> EXERCISE DIRECTIONS
Write every line of the material again exactly, with no pictures in the copy.

> COLLECTED DATA
|---|

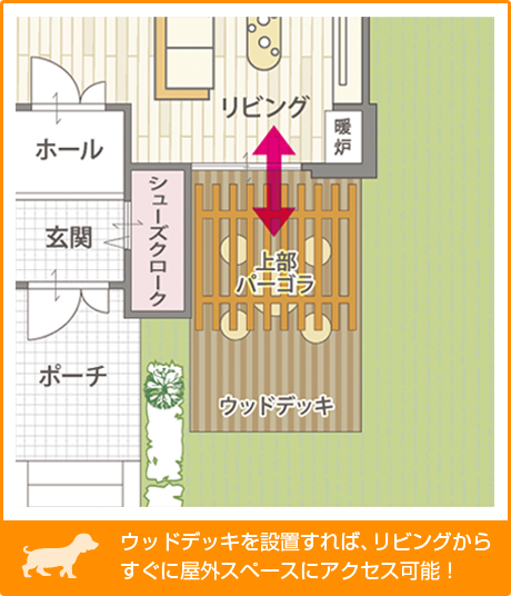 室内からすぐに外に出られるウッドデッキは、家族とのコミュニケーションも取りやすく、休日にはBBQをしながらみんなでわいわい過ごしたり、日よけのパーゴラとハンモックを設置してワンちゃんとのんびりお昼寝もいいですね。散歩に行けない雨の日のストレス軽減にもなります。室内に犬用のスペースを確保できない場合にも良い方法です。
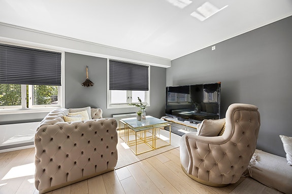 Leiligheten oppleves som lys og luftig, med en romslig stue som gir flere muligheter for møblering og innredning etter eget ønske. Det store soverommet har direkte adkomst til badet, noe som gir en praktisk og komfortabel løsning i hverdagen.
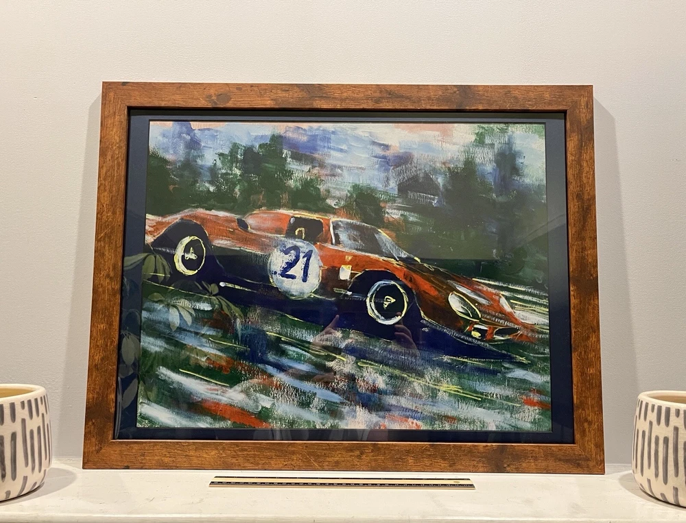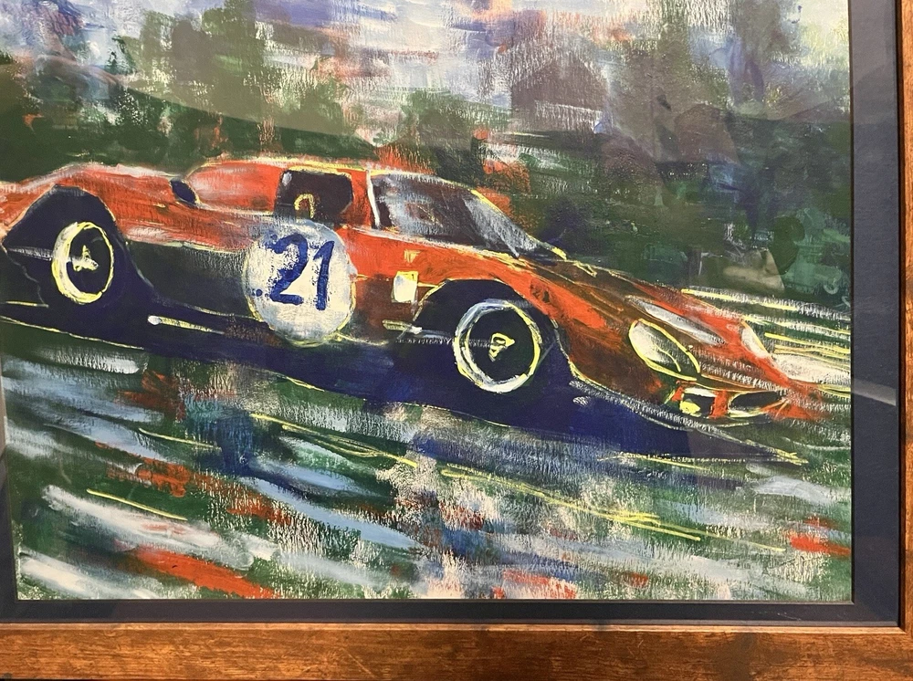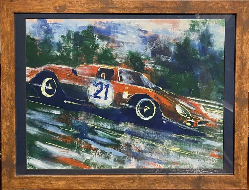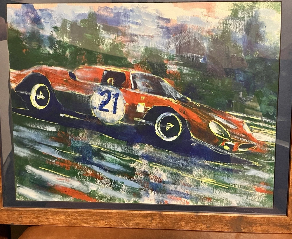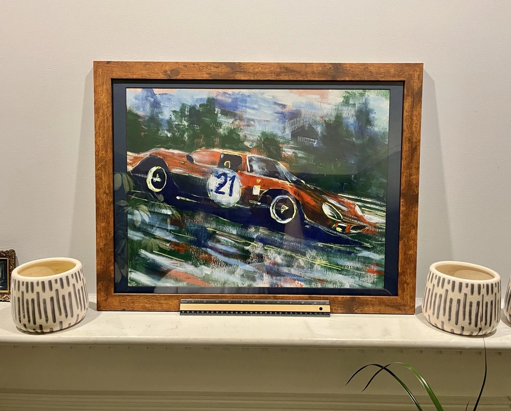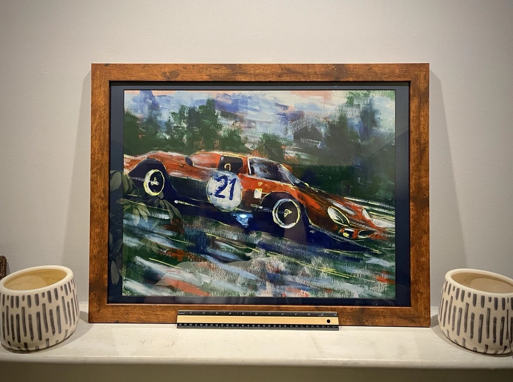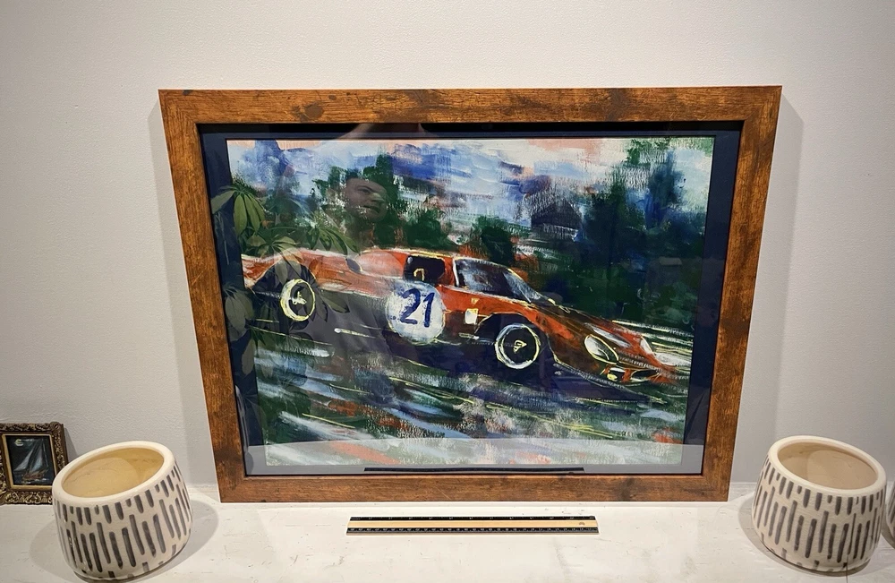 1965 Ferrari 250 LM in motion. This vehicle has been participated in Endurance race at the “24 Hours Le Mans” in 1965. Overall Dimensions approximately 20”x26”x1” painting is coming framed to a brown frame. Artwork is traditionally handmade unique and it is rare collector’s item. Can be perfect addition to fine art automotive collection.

|---|

> SOLUTION TO THE PROBLEM
 室内からすぐに外に出られるウッドデッキは、家族とのコミュニケーションも取りやすく、休日にはBBQをしながらみんなでわいわい過ごしたり、日よけのパーゴラとハンモックを設置してワンちゃんとのんびりお昼寝もいいですね。散歩に行けない雨の日のストレス軽減にもなります。室内に犬用のスペースを確保できない場合にも良い方法です。
 Leiligheten oppleves som lys og luftig, med en romslig stue som gir flere muligheter for møblering og innredning etter eget ønske. Det store soverommet har direkte adkomst til badet, noe som gir en praktisk og komfortabel løsning i hverdagen.
 1965 Ferrari 250 LM in motion. This vehicle has been participated in Endurance race at the “24 Hours Le Mans” in 1965. Overall Dimensions approximately 20”x26”x1” painting is coming framed to a brown frame. Artwork is traditionally handmade unique and it is rare collector’s item. Can be perfect addition to fine art automotive collection.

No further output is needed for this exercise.